- Nikolay Blagoev (4998901 - [email protected])
- William Narchi (5046122 - [email protected])
Image-to-Image Translation with Conditional Adversarial Networks.
Phillip Isola, Jun-Yan Zhu, Tinghui Zhou, Alexei A. Efros. In CVPR 2017. [Bibtex]
Conditional adversarial networks are a popular architecture choice for generative models. The Pix2Pix paper examined by this reproducibility project presents a general CGAN (Conditional Generative Adversarial Network) that can be adapted for any image-to-image translation task. Put simply, given labelled samples in two related domains
The architecture of the network consists of a generator network and a discriminator network working against each other [1]. The generator learns to generate plausible fake images in the target range that correspond to the source domain and the discriminator learns to differentiate real and fake (generator-created) images. Being a CGAN, the generator is provided as input both a sample from the domain and its corresponding class, hence it attempts to learn the distribution of the data conditioned on the corresponding label [11].
The Pix2Pix paper utilises a modified variant of the UNet architecture as the generator [1], [2]. However, in principle, any network that performs semantic segmentation can be used as the generator in the CGAN architecture. This project aims to compare the viability of popular semantic segmentation networks as replacements for the stock UNet presented in the original paper.

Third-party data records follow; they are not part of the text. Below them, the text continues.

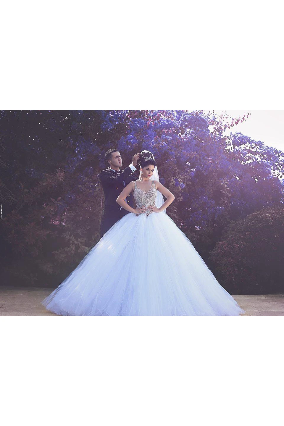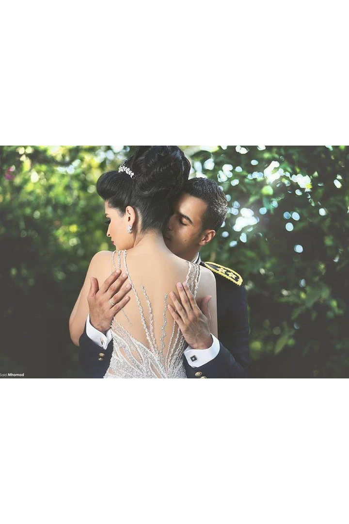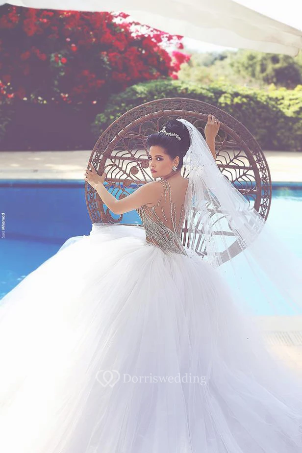 Gorgeous Beadings Tulle White Wedding Dress Ball Gown Straps Court Train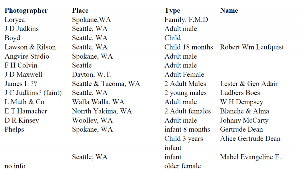 WSGS has received a packet of photos from Shelley Cardiel in Portland, OR. I’ve attached a compiled list of the photos. Some info is faint & difficult to read… In addition I can scan them and place them on our website in the Gallery.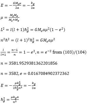We apply equation (100) to the Sun-Earth system, equating equation (100) to the total energy of the gravitational system we get the value of Planck's gravitational constant in this system,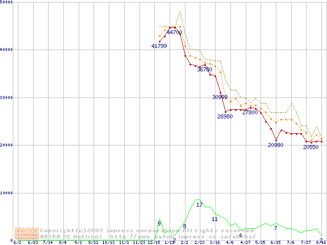 Socket A (Palomino,OPGA,FSB 266MHz,L2 256KB)の最安値推移

- UNet [Architecture and implementation specified in Pix2Pix paper and stock codebase]
- ResNet w/ 9 blocks [Paper] [Implementation in stock codebase]
- UNet++ [Paper] [SMP]
- DeepLabV3+ [Paper] [SMP]
- PSPNet [Paper] [SMP]
- HRNet [Paper] [Implementation]
- LinkNet [Paper] [SMP]
For each we model, we adapted its structure to follow the generator structure described in the Pix2Pix paper (convolution → batch normalisation → ReLu) [1]. For most models, the SMP API implementation was utilised.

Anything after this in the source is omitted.